Il est donc essentiel de favoriser une reprise économique la plus rapide et la plus forte possible si l'on souhaite prévenir une progression de la dette publique qui compliquerait dans le long terme sa maîtrise .
Un troisième enseignement en découle. Si on admet que le risque de voir la reprise économique étouffée augmente avec l'intensité du redressement budgétaire, il faut éviter les excès en ce domaine. L'ajustement budgétaire programmé à moyen terme, dans le cadre du projet de loi de finances pour 2010, qui suppose déjà des circonstances particulières (v. supra ), contribue positivement à la trajectoire de la dette publique à long terme. Il dessine une politique au réalisme acceptable qui offre la perspective d'une maîtrise de la dette publique. Le scénario n° 2 montre que si la reprise devait être plus forte, cette politique se traduirait par un retour encore plus rapide à des niveaux de dette publique plus faibles. Ce n'est que dans le scénario n° 3 que cette politique serait insuffisante.

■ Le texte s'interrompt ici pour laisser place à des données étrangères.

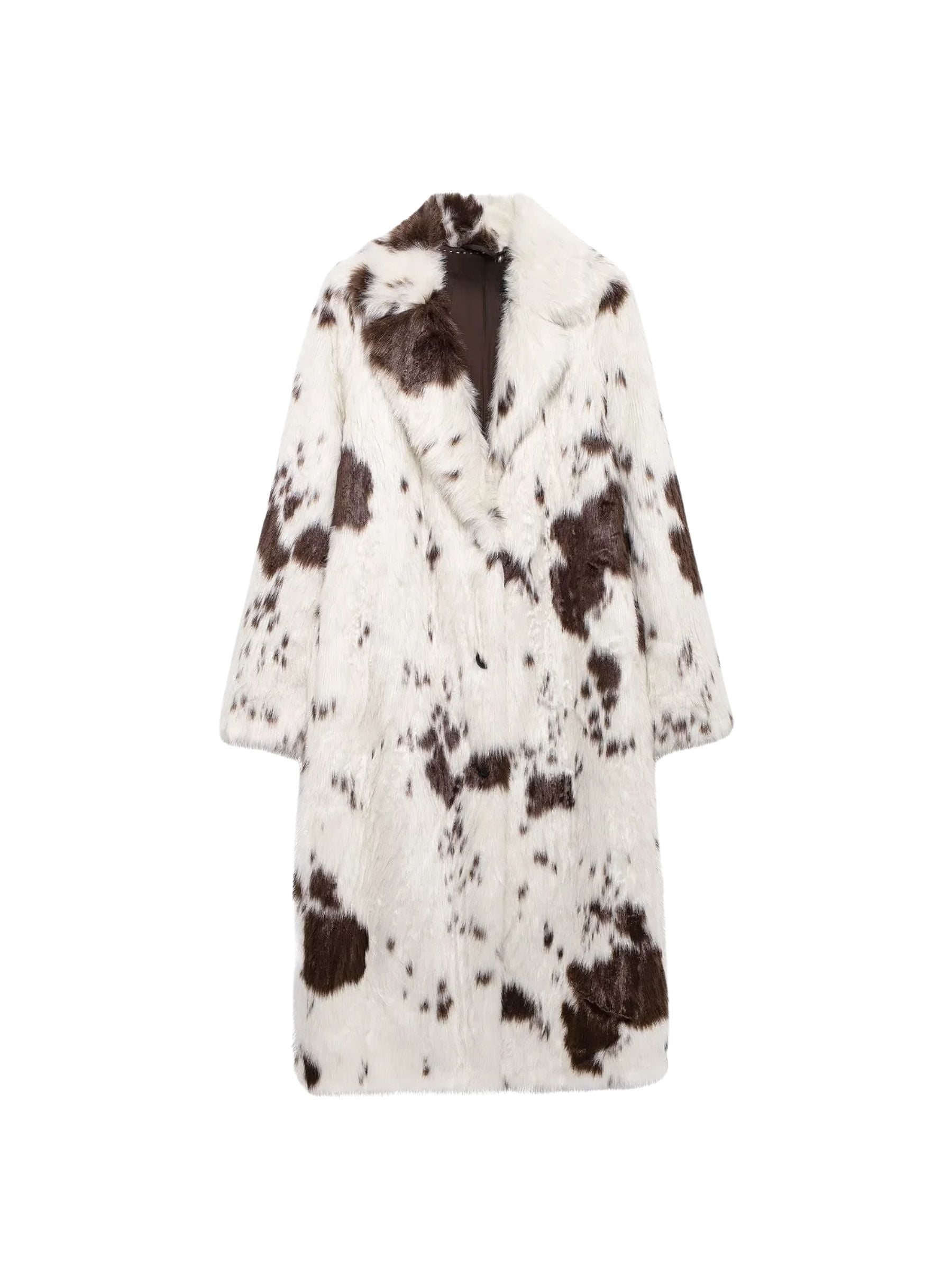 Dallas Faux Fur Cow Print Coat – Cozy Longline Jacket for Bold Fashion Statements

Pour maîtriser la dette publique, le resserrement de la politique budgétaire ne s'impose que si l'on pose comme préalable que ce dernier scénario économique est le plus probable .
Est-il recommandable de faire ce choix ?
Il semble que le principe de précaution appliqué aux politiques économiques conduise à répondre à cette interrogation par la négative.

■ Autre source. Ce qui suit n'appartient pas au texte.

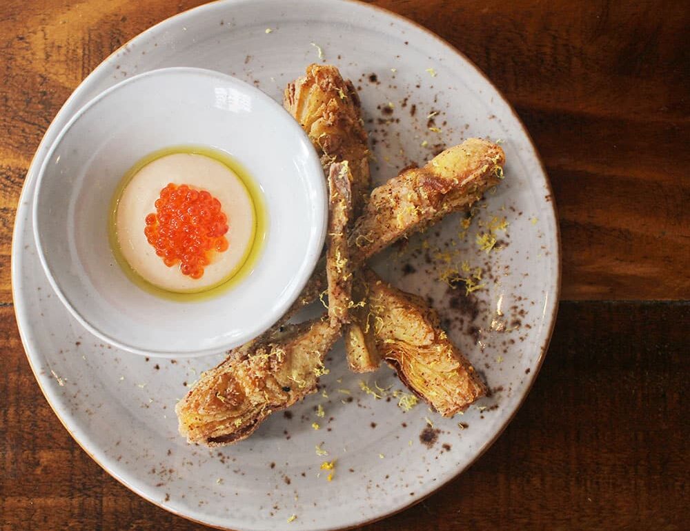 Top image: Fried artichokes, taramasalata, salmon roe, lemon

D'une part, supposer que le potentiel de production ne sera pas rejoint à court terme et qu'il faut dès lors resserrer la politique budgétaire présenterait deux inconvénients majeurs :
- le premier, connu sous le nom d'anticipations autoréalisatrices, est d'adopter une politique budgétaire qui pèse sur la reprise conduisant a posteriori à la situation redoutée ex ante ;
- le deuxième est de réduire le taux de croissance potentielle de l'économie française dont on a montré (voir le chapitre précédent) qu'il serait vraisemblablement tributaire du calendrier de la reprise économique. Les scénarios n° 4 et n° 5 montrent qu'en ce cas la dette publique refluerait moins que si le potentiel de croissance était préservé.
D'autre part, la variante de resserrement de la politique budgétaire montre que cette option pourrait être, à tout moment, efficacement mobilisée pour maîtriser la dette publique si la reprise économique devait être durablement atone.
Il existe ainsi une asymétrie dans les deux politiques budgétaires envisageables : un resserrement excessif de la politique budgétaire risque d'avoir des effets irréversibles qu'une politique plus pragmatique permet d'éviter .
* 85 Alors que la politique budgétaire est la même.